Moving from Services to Advocacy: Maximizing the Role of Community Health Workers in Policy, Systems, and Environmental Changes

March 5, 2019 By chwadmin Leave a Comment

By: Hilda M. Ortiz, Nancy P. Mejia, and Sarai Arpero of Latino Health Access

Program Context: Public health continues to move toward a holistic community approach. This transition requires the participation of historically marginalized populations in policy, systems, and environmental work to address the social determinants of health that perpetuate health disparities. Equity has become a buzzword in the field. However, to truly achieve equity, it is necessary to analyze the history of disinvestment in marginalized communities and the importance of their participation and leadership in creating sustainable change.1 The Community Health Worker, or Promotor, model can be an effective strategy in health education and disease prevention by fostering lasting relationships of trust and messaging within and between communities.2 Over the last twenty-five years, promotores at Latino Health Access (LHA) in Santa Ana, CA have successfully helped community members to transition from recipients of services to agents of change. But, in today’s context, how can organizations be intentional about supporting this type of resident engagement through promotores? What mechanisms within organizations help promotores to undertake community work through an equity lens? How is this work achieved in the context of service grants that require reporting-based service outcomes? Our case study responds to these questions.

Program Design: This case examines a capacity building program that included a residential training and field-based coaching support, intended to transition promotores and supervisors from just service providers to agents of long-term policy, systems, and environmental change. Promotores are community leaders that have been trained to provide basic health education and promotion. Latino Health Access staff, including the Director of Community Engagement and Advocacy (CEA) and promotores, designed the training curriculum and implementation coaching. The curriculum and the model for implementation were based on the World Health Organization’s (WHO) Healthy Cities Framework, which stresses the value of place and social context in promoting health and wellbeing. The Healthy Cities framework consists of three main components in creating healthy environments: multi-sectoral collaboration, community engagement, and the use of data.3 The three components of the framework themselves contribute to addressing social determinants of health; however, this co-training program uses the framework with an equity approach, amplifying the community engagement piece as a central strategy.

 

Picture 1. A team of promotores and administrative staff at a cohort training create a “Community Tree of Life” to identify the strengths of their community before developing strategies for community engagement based on those strengths

Promotores from four organizations representing low-income communities of color in Pennsylvania, California, and Colorado participated in the program.
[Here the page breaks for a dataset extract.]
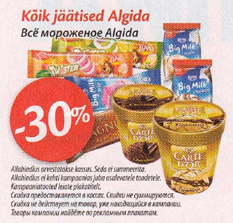 Всё мороженое AlgidaВсё мороженое Algida -30% Период кампании: 05.06.2012 - 11.06.2012 Kriisis.ee не несёт ответственности за содержание комментариев. Мнение автора комментария может отличаться от мнения kriisis.ee. По возможности, отслеживая комментарии, kriisis.ee оставляет за собой право удалять их без объяснения причин. Если вы заметили неуместный комментарий, пожалуйста сообщите нам о нём. |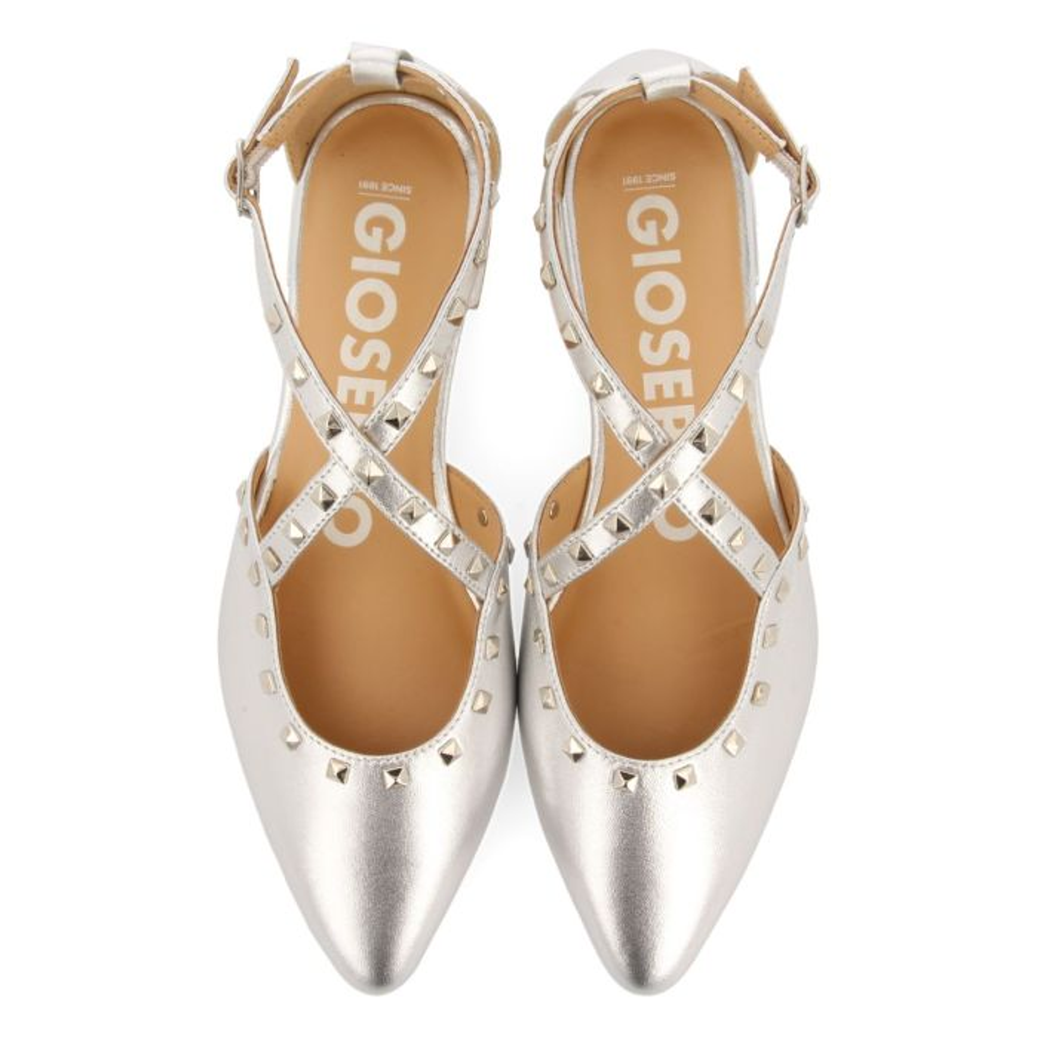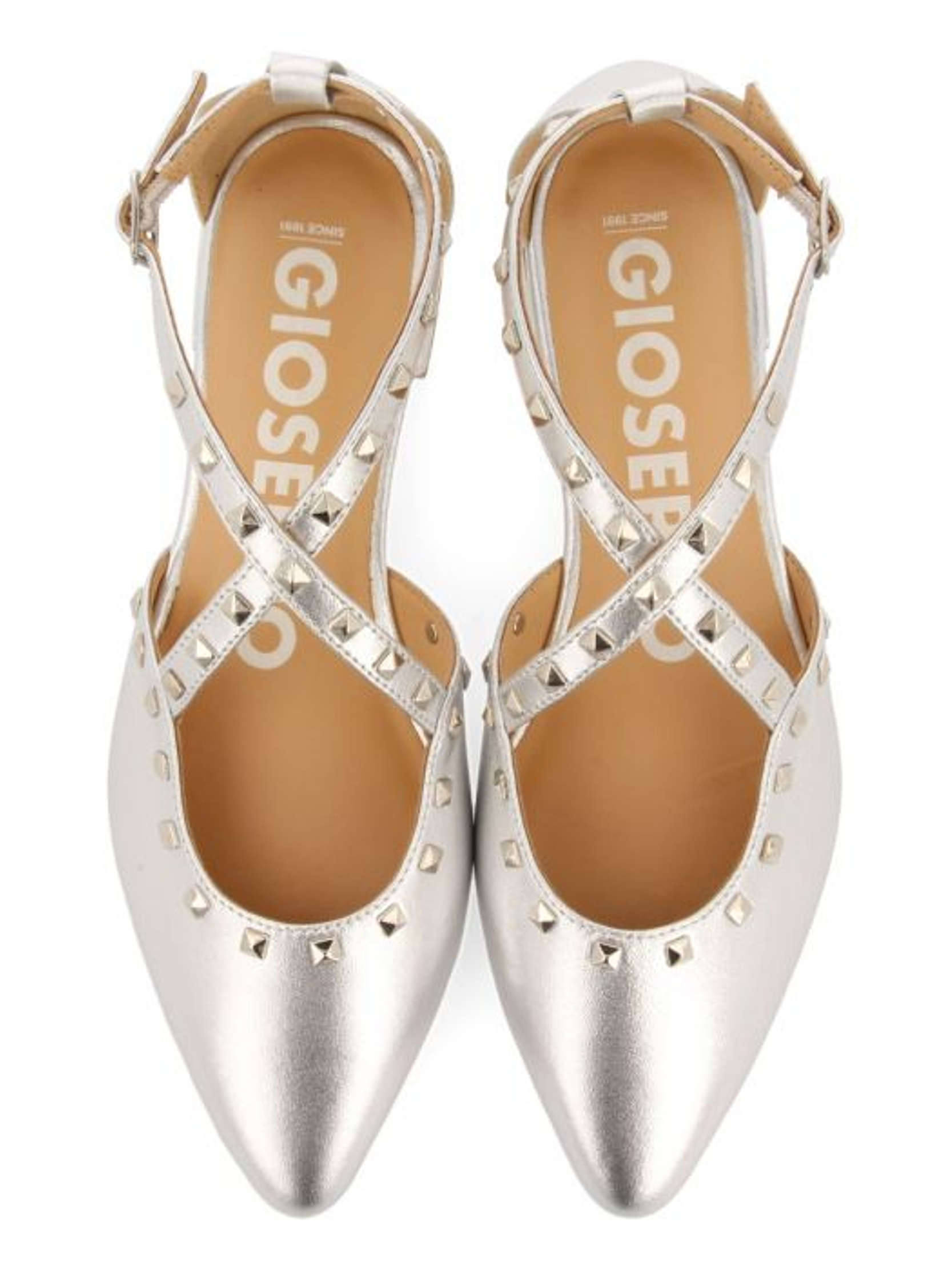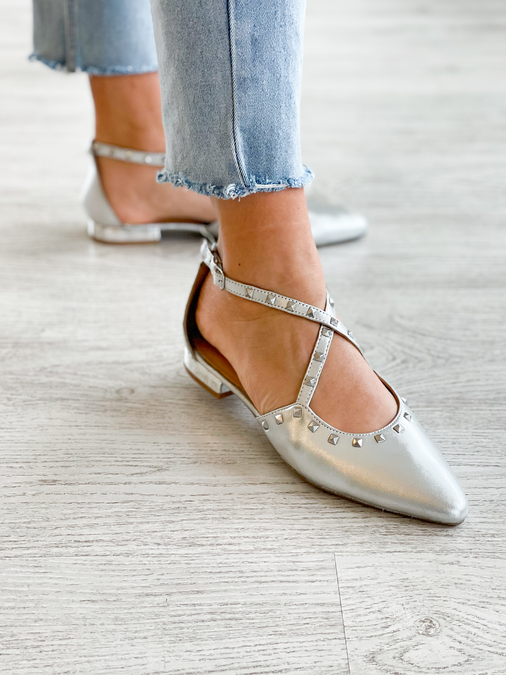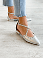 Sapatos de couro prateado com bico fino, tiras e detalhe de tachas. Fechamento ajustável no tornozelo para maior suporte. Forro de couro. Palmilha acolchoada muito confortável de couro.

They were challenged to analyze the health issues affecting their communities’ health outcomes, increasing awareness about social determinants of health and expanding their understanding of health beyond individual medical care. Subsequently, participants from each organization identified an area of focus in their community based on their organizations’ past work, health outcomes and health disparities. Participants used data disaggregated to the smallest geographic level available to identify health inequities amongst populations that are traditionally left out. This point is critical in designing a program that is inclusive, especially when we speak of transforming places and social contexts where conditions can vary at the block level.4

The training guided participants to analyze problems, solutions, and impact at individual, family, community, and policy levels. Participants then analyzed the root causes of the needs, focusing on the social determinants of health and the importance of upstream solutions, in order to make a larger and more sustainable impact and to bridge their service approach to policy advocacy.

 

Diagram 1. Example of an analysis of problems and solutions at different levels, showcasing the importance of a comprehensive approach that includes services and advocacy.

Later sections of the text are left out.